AA Edit | SC's TV channel ruling a blow for free press
The Supreme Court order quashing the ban the Union government had imposed on MediaOne, a Kozhikode-based Malayalam satellite news channel, and directing the Union ministry of information and broadcasting to renew its licence in four weeks comes across as a reassurance that India remains a democratic nation and that the checks and balances its founding fathers had instituted still work. And by making it clear that the government cannot push its agenda unilaterally under some pretext or the other at the cost of fundamental rights, the apex court has lived up to its image as the north star for the India’s democratic voyage, as the Chief Justice of India who authored the judgment often describes the apex court.
The court has reminded the government one too many time on the role of an independent press in a democracy. The crux of the matter, as the court put it, is that restrictions on the freedom of the press would compel citizens to think along the same tangent as the ruling party which will inevitably result in homogenised views on critical issues. This homogeneity is antithetical to the idea of democracy and a pluralistic society, and hence unacceptable.

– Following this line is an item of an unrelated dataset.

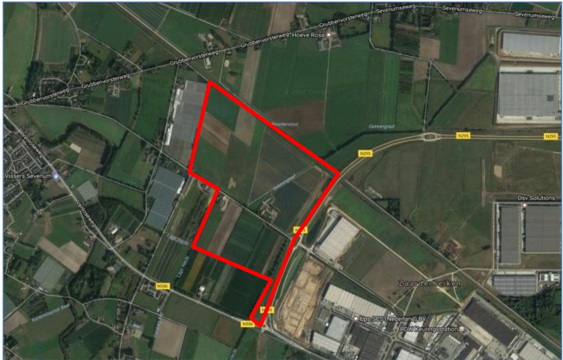
Figuur: Luchtfoto met het plangebied en directe omgeving

Het plangebied wordt begrensd door de spoorlijn Venlo-Eindhoven in het noorden, de provinciale weg N295 in het oosten, Venloseweg en een fruitteeltbedrijf in het zuiden en de Zeesweg, Dorperdijk en Heerstraat met aangrenzende bebouwing waaronder woningen en glastuinbouwbedrijven in het westen.

The court has carefully assessed each one of the reasons the government had cited for imposing the ban on the channel and demolished them. Asserting that the non-renewal of the licence of the channel is a restriction on the fundamental right to speech and expression as guaranteed in the Constitution and that restrictions should also be constitutional, it held that denying security clearance for the views which the channel is constitutionally entitled to hold produces a “chilling effect on free speech”. The apex court disapproved of the term “anti-establishment”, used to describe the channel, saying its very usage represents an expectation that the press must support the establishment.
The court made it unequivocally clear, for the umpteenth time, that two practices for which this government is known are unacceptable: one, to flash ‘national security’ to deny citizens their rights, and two, push its arguments in sealed covers. The government must take seriously the criticism of the court that it raised the claim of “national security” in a cavalier manner and make a careful assessment of the reiteration of the court that using the term as a tool to deny lawful remedies to citizens is incompatible with the rule of law. A government that often holds that India is the mother of all democracies must listen carefully to the apex court which has time and again told the government that it goes against the very idea of open court to present its case and reasons without disclosing them to the people on the other side. “This infringes upon the core of a right to fair hearing,” the court told the government in the toughest way possible.
While reiterating that it will uphold the freedom of the press to the last extent, the court presented the press with a chance to introspect if it is up to its task — to speak truth to power, and provide citizens with hard facts enabling them to make choices that propel democracy in the right direction.
The takeaway for both the government and the press from the judgment is one and the same — fundamental rights are the foundation of our democracy and hence must be handled with utmost care.